(Dataset records)
::::::

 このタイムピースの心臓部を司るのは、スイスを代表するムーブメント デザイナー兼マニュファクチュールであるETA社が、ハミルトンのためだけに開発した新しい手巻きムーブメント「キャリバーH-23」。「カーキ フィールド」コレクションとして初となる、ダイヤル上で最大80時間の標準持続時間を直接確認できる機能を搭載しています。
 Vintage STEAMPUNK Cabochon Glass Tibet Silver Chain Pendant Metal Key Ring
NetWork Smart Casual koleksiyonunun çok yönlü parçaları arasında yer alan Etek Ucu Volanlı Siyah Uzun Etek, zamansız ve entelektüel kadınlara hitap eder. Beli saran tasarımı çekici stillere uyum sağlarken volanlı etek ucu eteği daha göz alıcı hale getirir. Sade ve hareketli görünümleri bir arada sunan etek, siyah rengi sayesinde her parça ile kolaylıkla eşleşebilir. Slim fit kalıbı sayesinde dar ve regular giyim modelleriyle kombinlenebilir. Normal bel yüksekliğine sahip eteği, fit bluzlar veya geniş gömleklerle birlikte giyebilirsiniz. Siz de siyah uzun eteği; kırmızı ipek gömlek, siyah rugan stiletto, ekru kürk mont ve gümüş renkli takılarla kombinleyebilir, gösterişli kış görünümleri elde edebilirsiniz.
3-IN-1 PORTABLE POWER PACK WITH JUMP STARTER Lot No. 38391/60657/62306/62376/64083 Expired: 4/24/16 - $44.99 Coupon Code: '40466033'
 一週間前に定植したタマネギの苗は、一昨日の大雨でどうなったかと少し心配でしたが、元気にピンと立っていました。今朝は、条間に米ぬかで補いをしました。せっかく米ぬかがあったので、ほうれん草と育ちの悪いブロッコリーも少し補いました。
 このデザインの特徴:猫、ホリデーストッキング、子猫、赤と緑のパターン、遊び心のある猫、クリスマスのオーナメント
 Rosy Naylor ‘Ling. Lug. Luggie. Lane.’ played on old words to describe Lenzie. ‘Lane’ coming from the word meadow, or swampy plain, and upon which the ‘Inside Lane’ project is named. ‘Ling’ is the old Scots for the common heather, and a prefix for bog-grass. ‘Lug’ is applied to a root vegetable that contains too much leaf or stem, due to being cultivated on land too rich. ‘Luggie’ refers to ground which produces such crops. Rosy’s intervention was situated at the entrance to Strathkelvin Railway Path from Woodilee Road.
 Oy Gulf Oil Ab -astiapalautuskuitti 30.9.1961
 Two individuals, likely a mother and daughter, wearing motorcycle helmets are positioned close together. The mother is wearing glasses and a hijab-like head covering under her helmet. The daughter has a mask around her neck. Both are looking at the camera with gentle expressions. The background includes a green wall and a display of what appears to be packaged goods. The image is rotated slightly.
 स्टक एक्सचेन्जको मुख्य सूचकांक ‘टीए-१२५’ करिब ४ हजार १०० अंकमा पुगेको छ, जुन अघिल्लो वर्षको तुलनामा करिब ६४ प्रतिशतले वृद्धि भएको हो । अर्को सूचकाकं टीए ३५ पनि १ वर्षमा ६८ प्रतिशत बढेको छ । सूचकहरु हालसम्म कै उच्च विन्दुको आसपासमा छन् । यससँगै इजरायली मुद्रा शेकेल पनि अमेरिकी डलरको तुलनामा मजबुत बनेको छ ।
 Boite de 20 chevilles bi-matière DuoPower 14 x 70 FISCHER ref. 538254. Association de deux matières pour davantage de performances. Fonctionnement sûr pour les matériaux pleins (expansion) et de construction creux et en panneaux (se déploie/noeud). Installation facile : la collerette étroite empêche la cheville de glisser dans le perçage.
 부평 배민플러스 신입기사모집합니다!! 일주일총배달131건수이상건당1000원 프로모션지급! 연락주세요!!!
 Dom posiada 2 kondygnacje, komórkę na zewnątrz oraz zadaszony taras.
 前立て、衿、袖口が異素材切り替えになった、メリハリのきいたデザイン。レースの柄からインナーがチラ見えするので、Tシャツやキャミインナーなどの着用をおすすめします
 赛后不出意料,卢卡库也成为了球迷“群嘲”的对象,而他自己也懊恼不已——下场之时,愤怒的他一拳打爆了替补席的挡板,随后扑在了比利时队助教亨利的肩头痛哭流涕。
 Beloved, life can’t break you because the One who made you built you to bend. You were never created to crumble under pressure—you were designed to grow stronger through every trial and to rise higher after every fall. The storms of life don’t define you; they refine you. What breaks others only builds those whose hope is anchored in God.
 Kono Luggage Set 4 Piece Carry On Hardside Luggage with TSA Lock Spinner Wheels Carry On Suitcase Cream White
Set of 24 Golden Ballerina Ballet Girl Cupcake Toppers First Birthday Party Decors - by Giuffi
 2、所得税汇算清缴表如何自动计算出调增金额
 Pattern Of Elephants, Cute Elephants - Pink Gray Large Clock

::::::

Task goal:
Exact reproduction is required: output the lines from the start of the entries above through the line with "Oy Gulf Oil".

Expected answer:
 このタイムピースの心臓部を司るのは、スイスを代表するムーブメント デザイナー兼マニュファクチュールであるETA社が、ハミルトンのためだけに開発した新しい手巻きムーブメント「キャリバーH-23」。「カーキ フィールド」コレクションとして初となる、ダイヤル上で最大80時間の標準持続時間を直接確認できる機能を搭載しています。
 Vintage STEAMPUNK Cabochon Glass Tibet Silver Chain Pendant Metal Key Ring
NetWork Smart Casual koleksiyonunun çok yönlü parçaları arasında yer alan Etek Ucu Volanlı Siyah Uzun Etek, zamansız ve entelektüel kadınlara hitap eder. Beli saran tasarımı çekici stillere uyum sağlarken volanlı etek ucu eteği daha göz alıcı hale getirir. Sade ve hareketli görünümleri bir arada sunan etek, siyah rengi sayesinde her parça ile kolaylıkla eşleşebilir. Slim fit kalıbı sayesinde dar ve regular giyim modelleriyle kombinlenebilir. Normal bel yüksekliğine sahip eteği, fit bluzlar veya geniş gömleklerle birlikte giyebilirsiniz. Siz de siyah uzun eteği; kırmızı ipek gömlek, siyah rugan stiletto, ekru kürk mont ve gümüş renkli takılarla kombinleyebilir, gösterişli kış görünümleri elde edebilirsiniz.
3-IN-1 PORTABLE POWER PACK WITH JUMP STARTER Lot No. 38391/60657/62306/62376/64083 Expired: 4/24/16 - $44.99 Coupon Code: '40466033'
 一週間前に定植したタマネギの苗は、一昨日の大雨でどうなったかと少し心配でしたが、元気にピンと立っていました。今朝は、条間に米ぬかで補いをしました。せっかく米ぬかがあったので、ほうれん草と育ちの悪いブロッコリーも少し補いました。
 このデザインの特徴:猫、ホリデーストッキング、子猫、赤と緑のパターン、遊び心のある猫、クリスマスのオーナメント
 Rosy Naylor ‘Ling. Lug. Luggie. Lane.’ played on old words to describe Lenzie. ‘Lane’ coming from the word meadow, or swampy plain, and upon which the ‘Inside Lane’ project is named. ‘Ling’ is the old Scots for the common heather, and a prefix for bog-grass. ‘Lug’ is applied to a root vegetable that contains too much leaf or stem, due to being cultivated on land too rich. ‘Luggie’ refers to ground which produces such crops. Rosy’s intervention was situated at the entrance to Strathkelvin Railway Path from Woodilee Road.
 Oy Gulf Oil Ab -astiapalautuskuitti 30.9.1961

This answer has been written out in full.